Not surprisingly, Mark Steyn also concludes that America is in trouble, but fingers an entirely different cause.  While Smith's posits that America's slide is caused by class warfare--the "rich cabal" grabbed the handle of government and drained wealth from the middle class, Steyn indicts the growth of the federal government.   The insatiable taxing and regulating nanny state have drained wealth and ambition from our nation. "America has been thoroughly unbalanced: thanks largely to distortions
driven by government, we have too much college, too much 'professional servicing'--accounting, lawyering, and other activities necessary to keep the fine print in compliance with the regulatory state.  All of these are huge obstacles to making productive use of even our non-borrowed money and to keeping America competitive with the rest of the world."  In Steyn's view, it is the bloat of government that is grinding America down--- the explosion of "entitlements," taxes, and the regulatory burden of the feds.  America's drive to innovate has been replaced by the higher value of multiculturalism.  He cites the downgrading of NASA as a prime example, as it recently killed manned space flight and substituted as part of its mission to recognize Muslim contributions to science.
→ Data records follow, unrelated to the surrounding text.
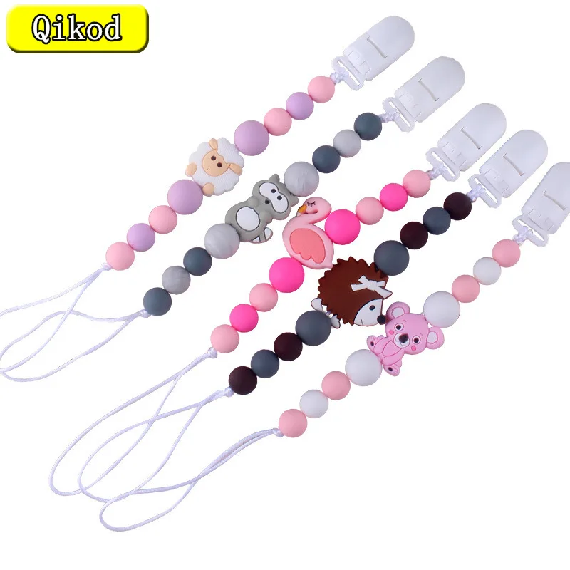 Gran oferta de Clips para chupete de dentición de silicona, cadena de chupete para bebé, cuentas sueltas de silicona, variedad de viñetas de animales, mordedor Molar, juguete para regalo
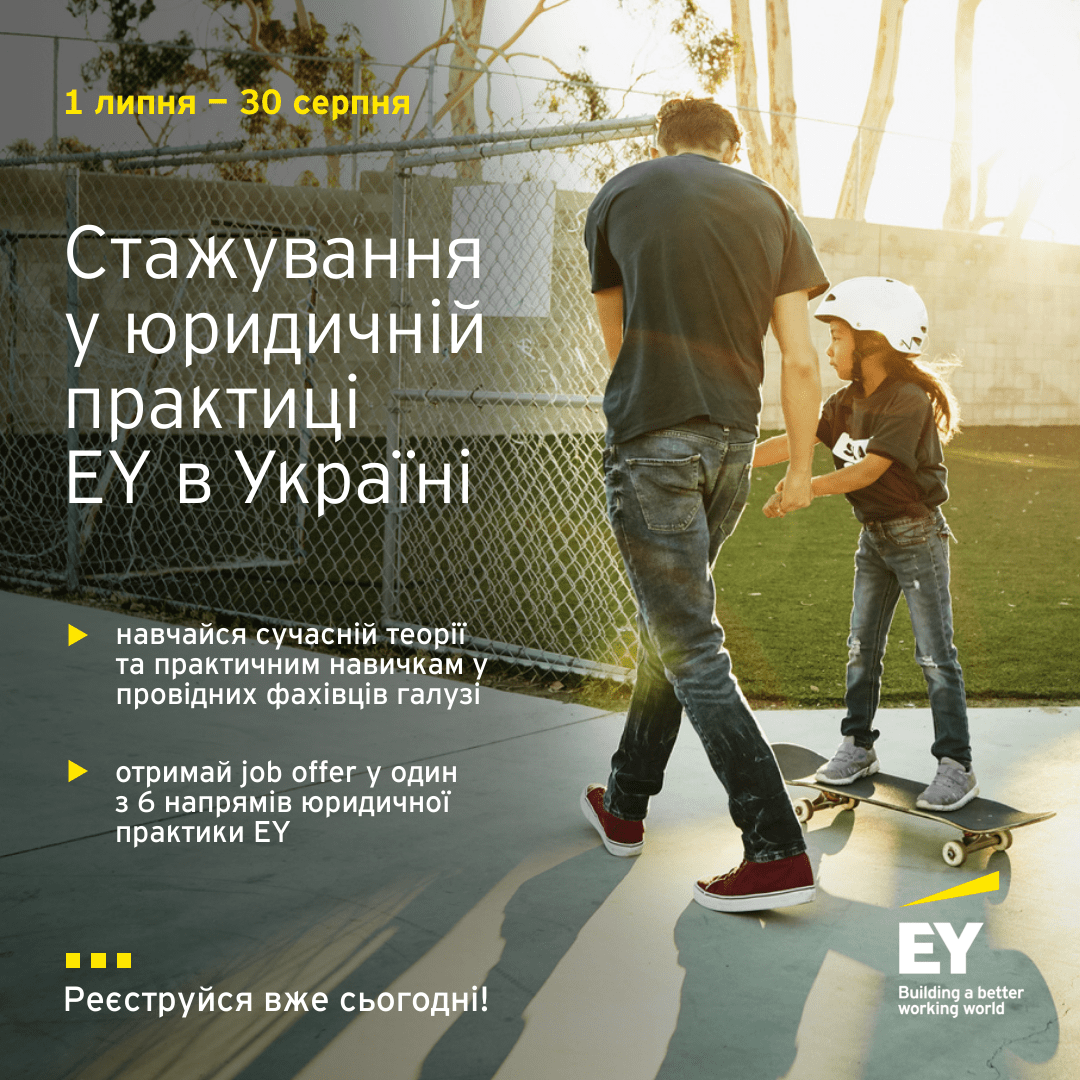 Юридичне стажування від EY в Україні ⚖️22 Травня 2024р.![]() #можливості_перспектива Зустрічай нову програму юридичного стажування від EY в Україні ⚖️ Це твоя можливість почати карʼєру у міжнародній компанії без досвіду роботи! Стажування містить як теоретичне навчання, так і практичну роботу за напрямами: ✔️ публічний сектор; ✔️ енергетична практика; ✔️ фінансова практика; ✔️ корпоративне право; ✔️ інфраструктурні проєкти; ✔️ M&A. Ти отримаєш: 💼 участь в оплачуваній програмі стажування у юридичній практиці EY в Україні; 🎓 сучасну теорію та практичні навички від провідних фахівців нашої команди; 💼 можливість отримати job offer у фіналі стажування. 👥 Кому буде цікаво: студентам та нещодавнім випускникам правничих спеціальностей з рівнем володіння англійською B1+. 📅 Тривалість: 1 липня — 30 серпня 2024. 📍 Формат: гібридний. Щоб стати учасником потрібно: 1. Заповнити анкету; 2. Пройти онлайн тестування з англійської та розв'язати кейсове завдання; 3. Пройти співбесіду з представниками компанії. Набір на стажування вже відкрито, подавай заявку до 6 червня, 17:00 за посиланням. |
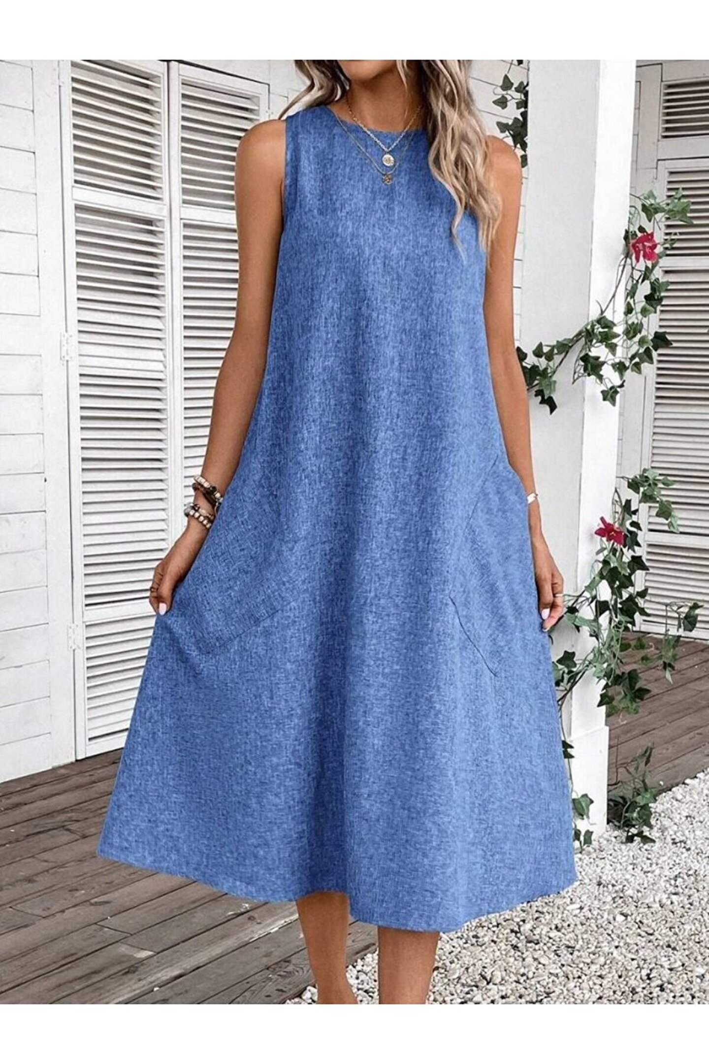 Kadın Kolsuz Bisiklet Yaka Cepli Midi Keten Elbise

Huh?
"To boldly go where no diversity outreach consultant has gone before!," he intones, "What's 'foremost' for NASA is to make Muslims 'feel good' about their contributions to science.  Why, as recently as the early ninth century Muhammed al-Khwarizimi invented the first hoary quadrant!"
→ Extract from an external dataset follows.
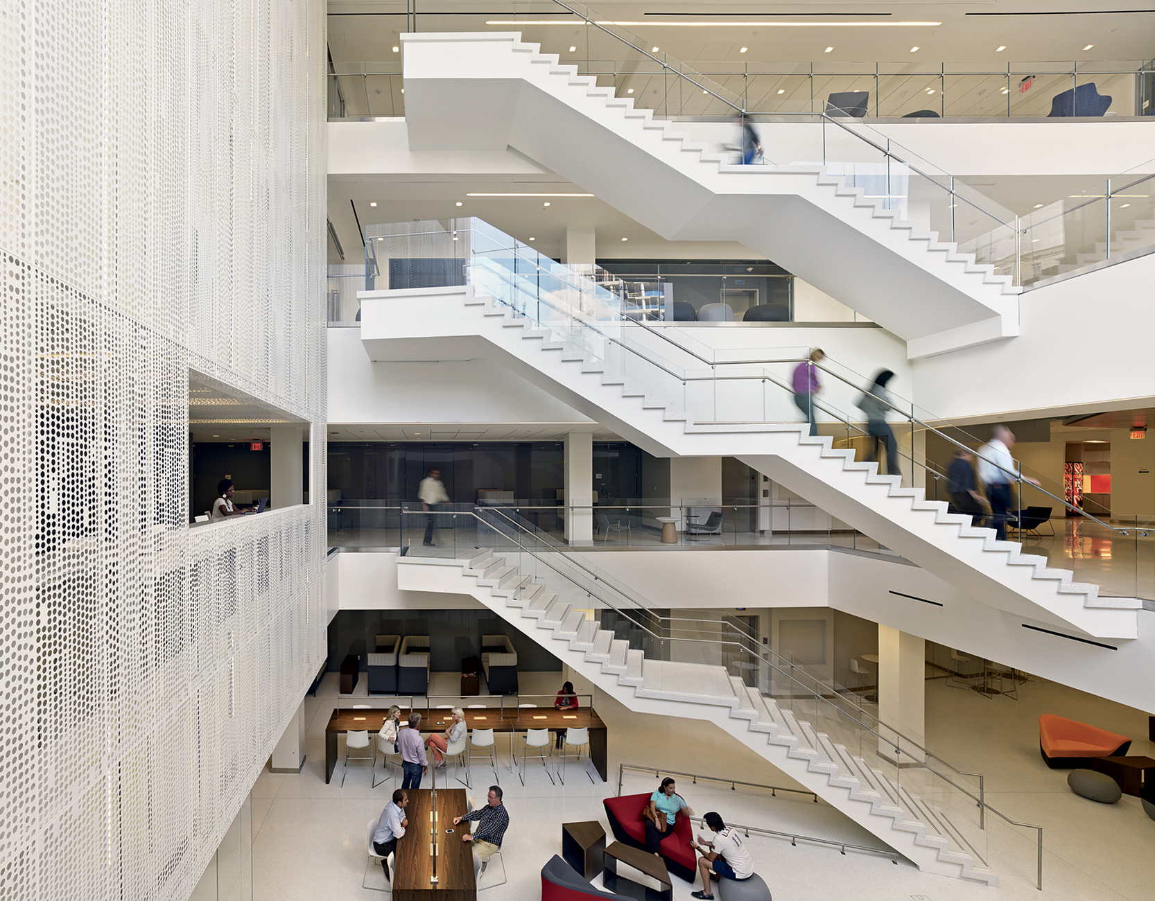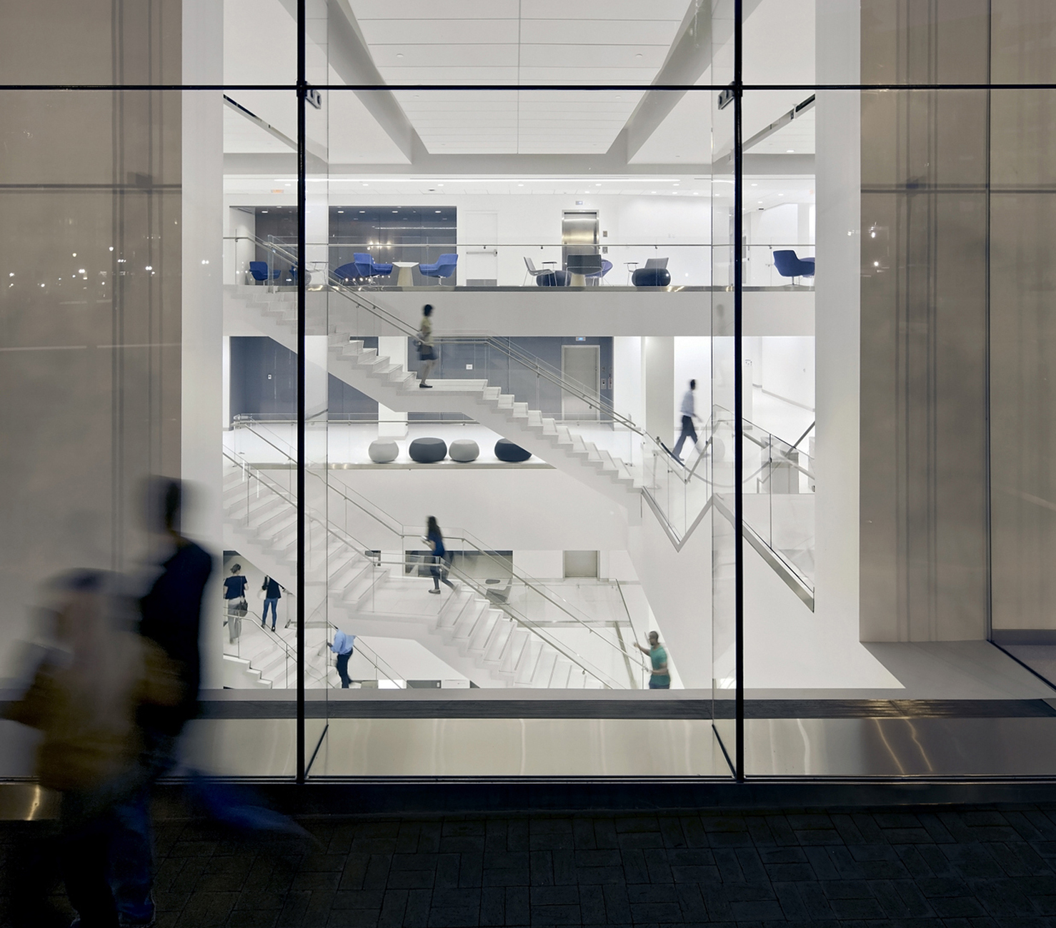 To bring together its various off-campus programs at a single place, elite Georgetown University in Washington D.C. chose a former TV studio as its extramural seat. Given the building’s prior use, its ground plan features a plethora of small rooms and a windowless façade designed to keep as much daylight as possible out of the recording rooms. Studios Architecture replaced this with a two-story glass façade that strongly emphasizes the building’s presence in the urban fabric. Moreover, in the atrium a central white staircase leads up to the rooms on the four floors. Bright wooden cladding provides warm accents. Small islands for meetings and recreation areas give the overall layout a leisurely feel: In the latter, you can enjoy using the seating courtesy of long-standing furniture makers Arper: “Catifa 46” and “Catifa 80” collections by Lievore Altherr Molina. With frames made of powder-coated aluminium, the “Catifa 46” chair is all about sturdy flexibility.

In  a previous generation, government did some good big things--putting a man on the moon, defeat Nazis, construct and interstate highway system.  Now, not so much.  "The bigger government gets, the less it actually does.  You think a guy like Obama is going to put up a new Hoover Dam (built during the Depression and two years ahead of schedule?).  No chance.  Today's Big Government crowd is more likely to put up a new regulatory agency to tell the Hoover Dam it's non-wheelchair accessible and has to close."

For Steyn, the demons aren't the rich, but the government class-- the faceless bureaucrats that regulate us, tax us, and force us to comply, often with rules and regulations that nobody actually voted on, but were promulgated by some 20 something lawyer in the bowels of the Department of Labor.

"Edwards was right about the "two Americas," but not about the division: in one America, those who subscribe to the ruling ideology can access a world of tenured security lubricated by government and without creating a dime of wealth for the overall economy; in the other America, millions of people go to work every day to try to support their families and build up businesses and improve themselves, and the harder they work, the more they're penalized to support the government class in all its privileges."

America is in trouble, I believe.  While Smith makes some valid points--China has become an economic threat due to its currency manipulation, its intellectual property piracy, and its product dumping--he completely misses many factors in our slide.  Globalization, our failed education system, and the ever intruding government.  Steyn is closer to reality. Each day, government makes hard work and risk taking less and less enjoyable and less and less rewarding, choking the vibrancy that made this nation great.

Pity the poor entrepreneur, slugging it out while a legion of regulators and taxing authorities torment him or her.  Pity the poor working stiff, hustling in a tough, boring job, making $45,000 a year, while his neighbor gets to stay home and enjoy a total benefits package worth almost as much.

It a few days, we will have an opportunity to choose whose thesis is correct.  If we vote for Obama, it will be Smith's and we will continue to policies of taking more from "the rich," downsizing our military, empowering unions and regulators, and growing government.  If we choose Romney, the results are less clear, but we will at least put a brake on hurling headlong into an ossified Euro-nanny state, drowning in its own debt and stuck in perpetual stagnation.